### [DATA]
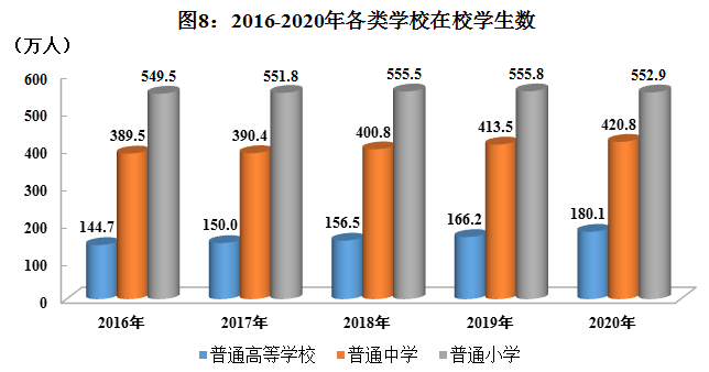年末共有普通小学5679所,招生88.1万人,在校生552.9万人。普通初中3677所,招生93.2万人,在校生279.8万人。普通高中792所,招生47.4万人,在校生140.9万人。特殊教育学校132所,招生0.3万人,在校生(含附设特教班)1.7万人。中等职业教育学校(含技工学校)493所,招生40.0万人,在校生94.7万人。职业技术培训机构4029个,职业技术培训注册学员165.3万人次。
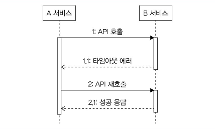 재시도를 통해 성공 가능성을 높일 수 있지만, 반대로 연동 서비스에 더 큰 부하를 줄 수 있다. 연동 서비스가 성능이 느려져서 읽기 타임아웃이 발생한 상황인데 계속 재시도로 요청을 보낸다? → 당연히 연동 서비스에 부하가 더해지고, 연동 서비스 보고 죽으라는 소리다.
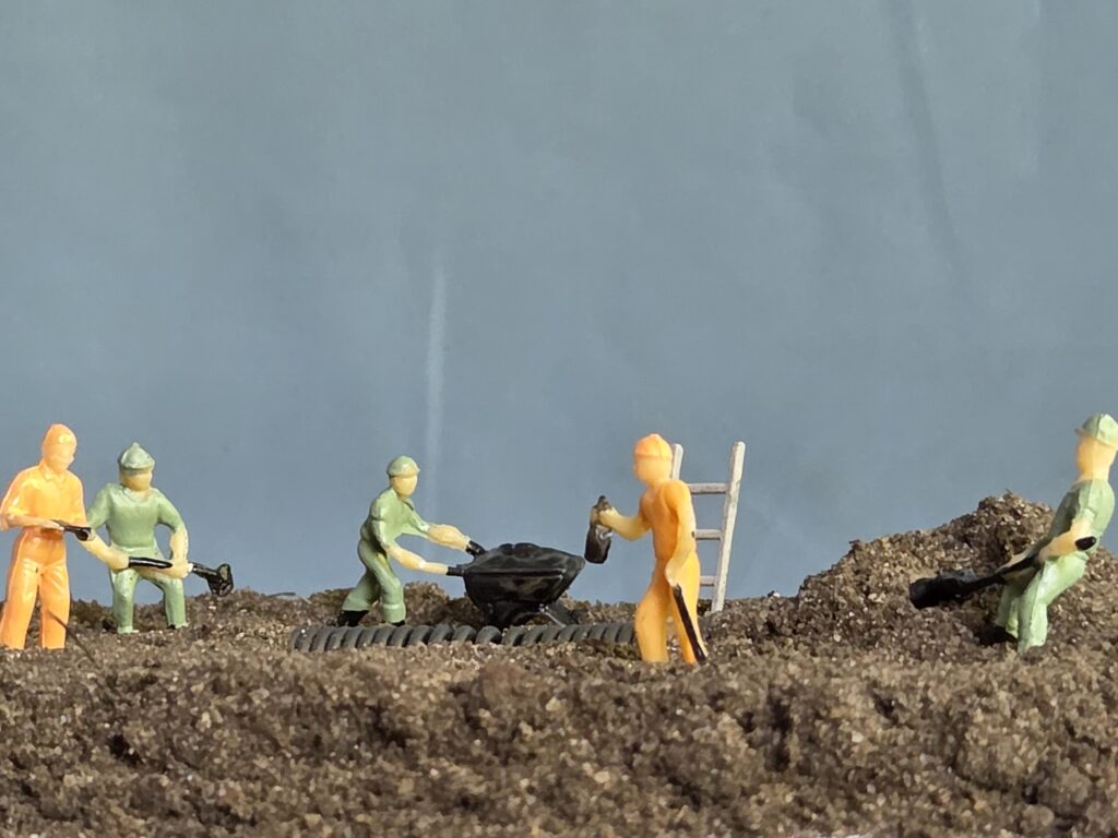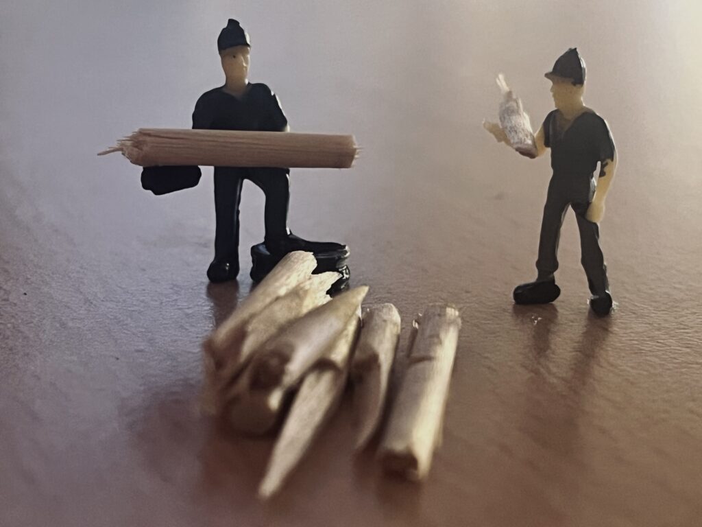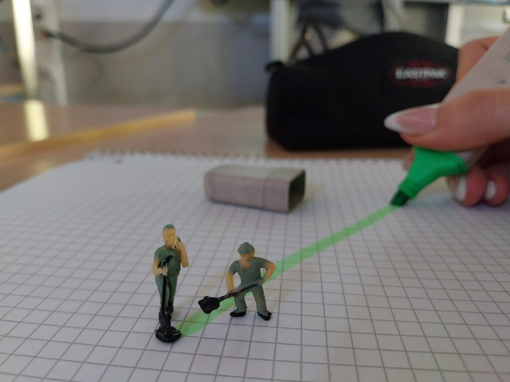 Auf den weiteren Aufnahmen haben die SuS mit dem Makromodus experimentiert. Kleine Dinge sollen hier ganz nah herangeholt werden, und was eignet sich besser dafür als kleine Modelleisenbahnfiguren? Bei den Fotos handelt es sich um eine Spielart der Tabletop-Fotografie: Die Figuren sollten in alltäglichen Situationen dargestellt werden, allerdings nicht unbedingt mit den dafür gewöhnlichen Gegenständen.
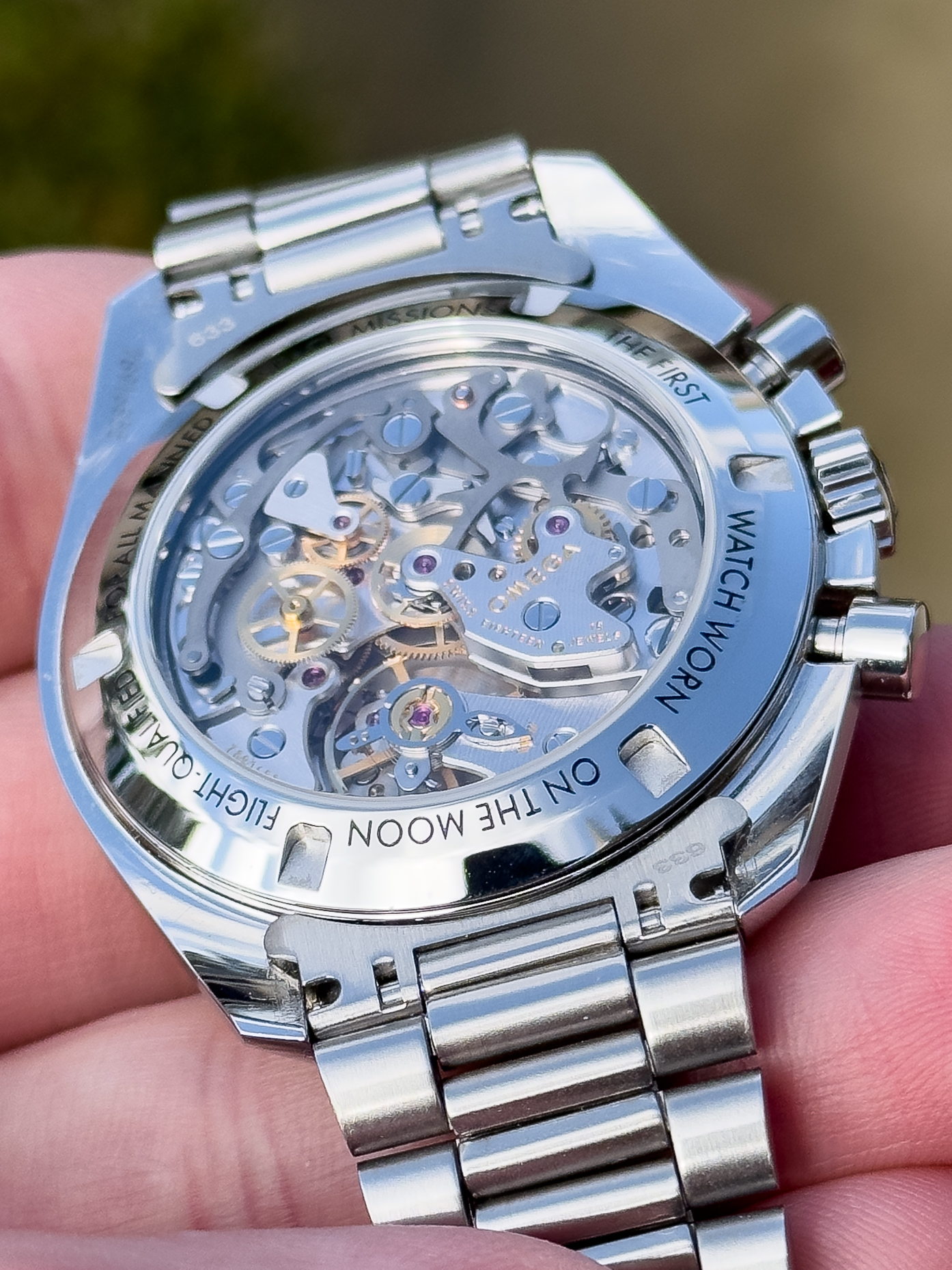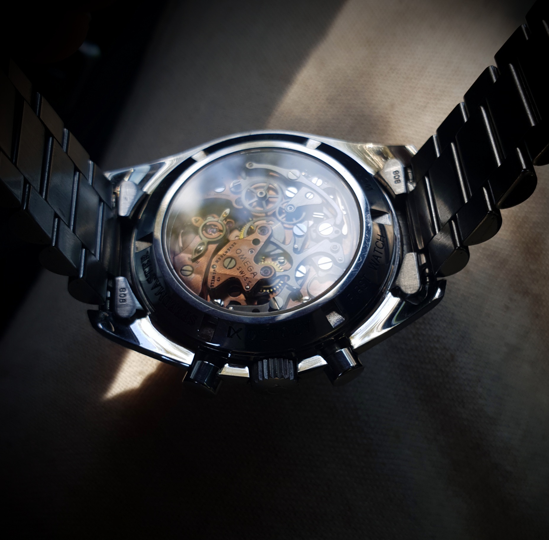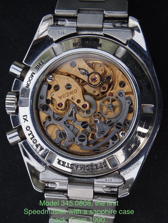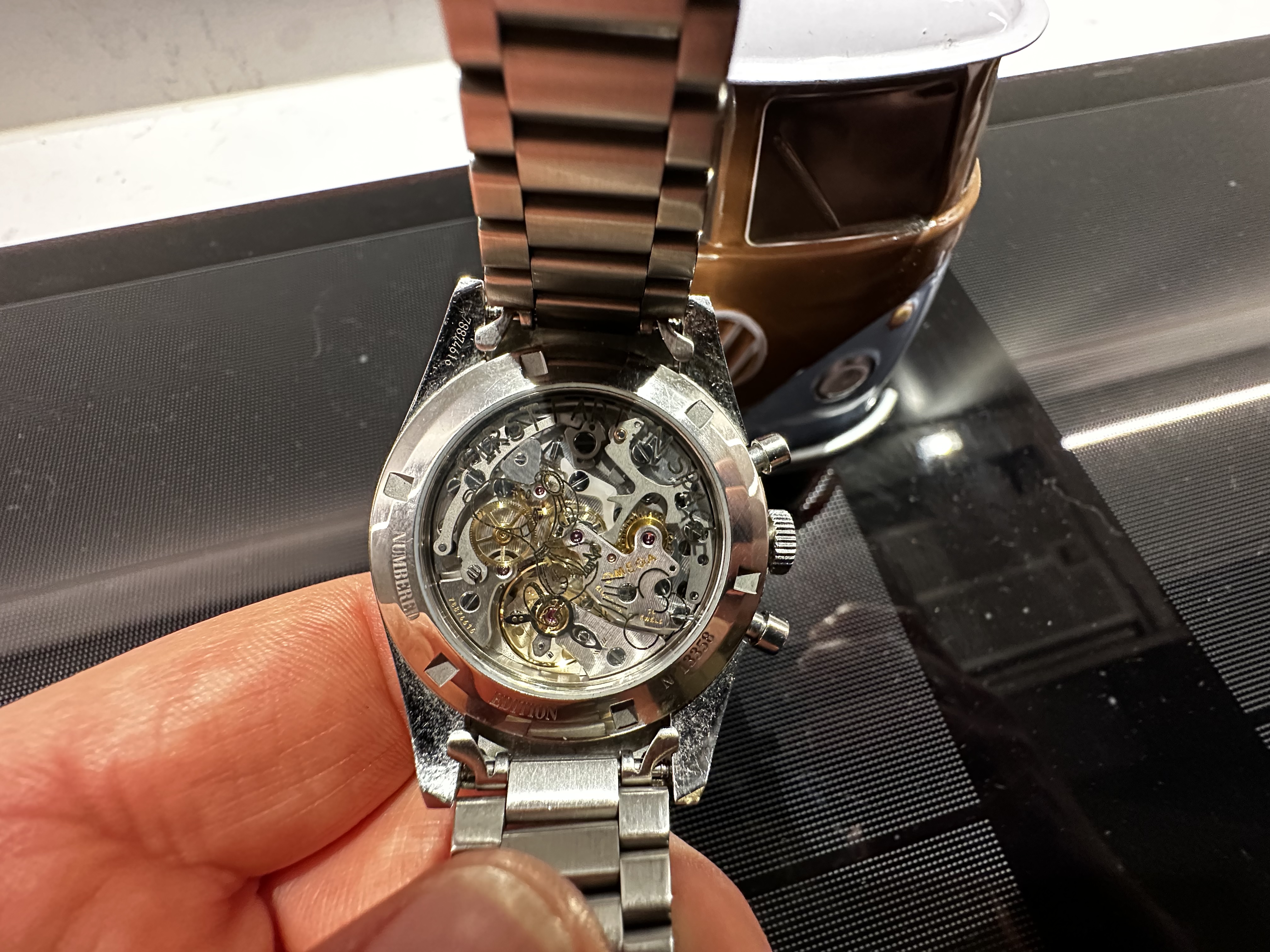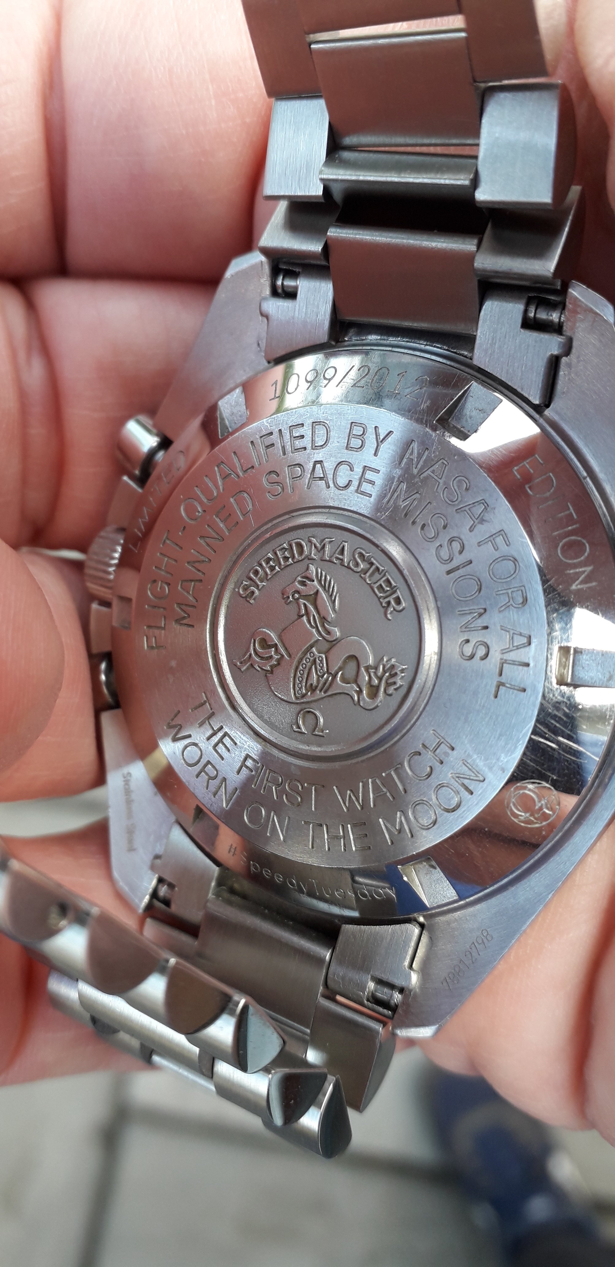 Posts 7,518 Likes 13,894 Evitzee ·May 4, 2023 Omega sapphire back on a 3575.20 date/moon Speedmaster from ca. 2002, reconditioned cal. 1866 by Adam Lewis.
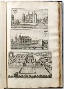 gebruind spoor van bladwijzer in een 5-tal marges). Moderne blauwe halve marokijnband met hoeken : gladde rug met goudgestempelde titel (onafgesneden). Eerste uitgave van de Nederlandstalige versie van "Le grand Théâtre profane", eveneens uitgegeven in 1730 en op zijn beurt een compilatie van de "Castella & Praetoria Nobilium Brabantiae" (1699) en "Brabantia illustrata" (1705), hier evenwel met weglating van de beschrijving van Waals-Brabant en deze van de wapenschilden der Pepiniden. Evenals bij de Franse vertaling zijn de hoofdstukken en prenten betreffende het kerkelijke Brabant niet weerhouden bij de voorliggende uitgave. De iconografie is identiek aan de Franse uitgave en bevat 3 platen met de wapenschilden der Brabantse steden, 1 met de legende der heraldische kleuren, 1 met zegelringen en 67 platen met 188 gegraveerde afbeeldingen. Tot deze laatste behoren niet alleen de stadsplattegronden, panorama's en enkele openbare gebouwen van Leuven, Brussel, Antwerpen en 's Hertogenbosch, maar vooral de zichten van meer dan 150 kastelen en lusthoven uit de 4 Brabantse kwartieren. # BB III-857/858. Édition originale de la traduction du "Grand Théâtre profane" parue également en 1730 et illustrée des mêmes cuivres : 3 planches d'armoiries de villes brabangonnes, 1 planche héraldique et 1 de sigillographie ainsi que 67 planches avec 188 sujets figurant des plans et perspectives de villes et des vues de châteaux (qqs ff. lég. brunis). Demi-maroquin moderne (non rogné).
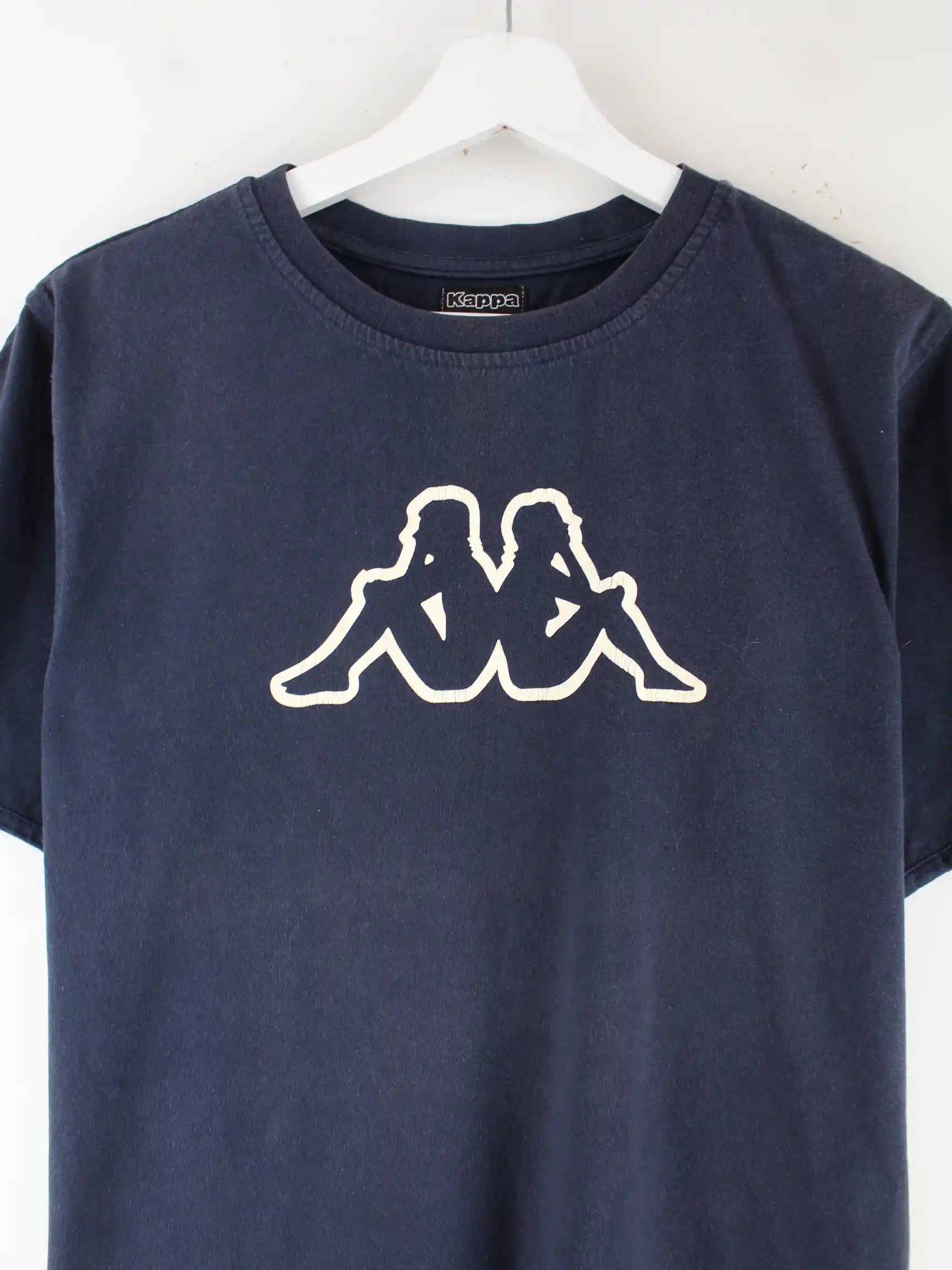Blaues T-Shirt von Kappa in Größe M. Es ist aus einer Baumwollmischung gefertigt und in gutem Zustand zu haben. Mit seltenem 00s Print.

### [TASK DIRECTIONS]
From the first line to the last, repeat the data above exactly and leave the pictures out.

### [EXERCISE RESULT]
年末共有普通小学5679所,招生88.1万人,在校生552.9万人。普通初中3677所,招生93.2万人,在校生279.8万人。普通高中792所,招生47.4万人,在校生140.9万人。特殊教育学校132所,招生0.3万人,在校生(含附设特教班)1.7万人。中等职业教育学校(含技工学校)493所,招生40.0万人,在校生94.7万人。职业技术培训机构4029个,职业技术培训注册学员165.3万人次。
 재시도를 통해 성공 가능성을 높일 수 있지만, 반대로 연동 서비스에 더 큰 부하를 줄 수 있다. 연동 서비스가 성능이 느려져서 읽기 타임아웃이 발생한 상황인데 계속 재시도로 요청을 보낸다? → 당연히 연동 서비스에 부하가 더해지고, 연동 서비스 보고 죽으라는 소리다.
 Auf den weiteren Aufnahmen haben die SuS mit dem Makromodus experimentiert. Kleine Dinge sollen hier ganz nah herangeholt werden, und was eignet sich besser dafür als kleine Modelleisenbahnfiguren? Bei den Fotos handelt es sich um eine Spielart der Tabletop-Fotografie: Die Figuren sollten in alltäglichen Situationen dargestellt werden, allerdings nicht unbedingt mit den dafür gewöhnlichen Gegenständen.
 Posts 7,518 Likes 13,894 Evitzee ·May 4, 2023 Omega sapphire back on a 3575.20 date/moon Speedmaster from ca. 2002, reconditioned cal. 1866 by Adam Lewis.
 gebruind spoor van bladwijzer in een 5-tal marges). Moderne blauwe halve marokijnband met hoeken : gladde rug met goudgestempelde titel (onafgesneden). Eerste uitgave van de Nederlandstalige versie van "Le grand Théâtre profane", eveneens uitgegeven in 1730 en op zijn beurt een compilatie van de "Castella & Praetoria Nobilium Brabantiae" (1699) en "Brabantia illustrata" (1705), hier evenwel met weglating van de beschrijving van Waals-Brabant en deze van de wapenschilden der Pepiniden. Evenals bij de Franse vertaling zijn de hoofdstukken en prenten betreffende het kerkelijke Brabant niet weerhouden bij de voorliggende uitgave. De iconografie is identiek aan de Franse uitgave en bevat 3 platen met de wapenschilden der Brabantse steden, 1 met de legende der heraldische kleuren, 1 met zegelringen en 67 platen met 188 gegraveerde afbeeldingen. Tot deze laatste behoren niet alleen de stadsplattegronden, panorama's en enkele openbare gebouwen van Leuven, Brussel, Antwerpen en 's Hertogenbosch, maar vooral de zichten van meer dan 150 kastelen en lusthoven uit de 4 Brabantse kwartieren. # BB III-857/858. Édition originale de la traduction du "Grand Théâtre profane" parue également en 1730 et illustrée des mêmes cuivres : 3 planches d'armoiries de villes brabangonnes, 1 planche héraldique et 1 de sigillographie ainsi que 67 planches avec 188 sujets figurant des plans et perspectives de villes et des vues de châteaux (qqs ff. lég. brunis). Demi-maroquin moderne (non rogné).
Blaues T-Shirt von Kappa in Größe M. Es ist aus einer Baumwollmischung gefertigt und in gutem Zustand zu haben. Mit seltenem 00s Print.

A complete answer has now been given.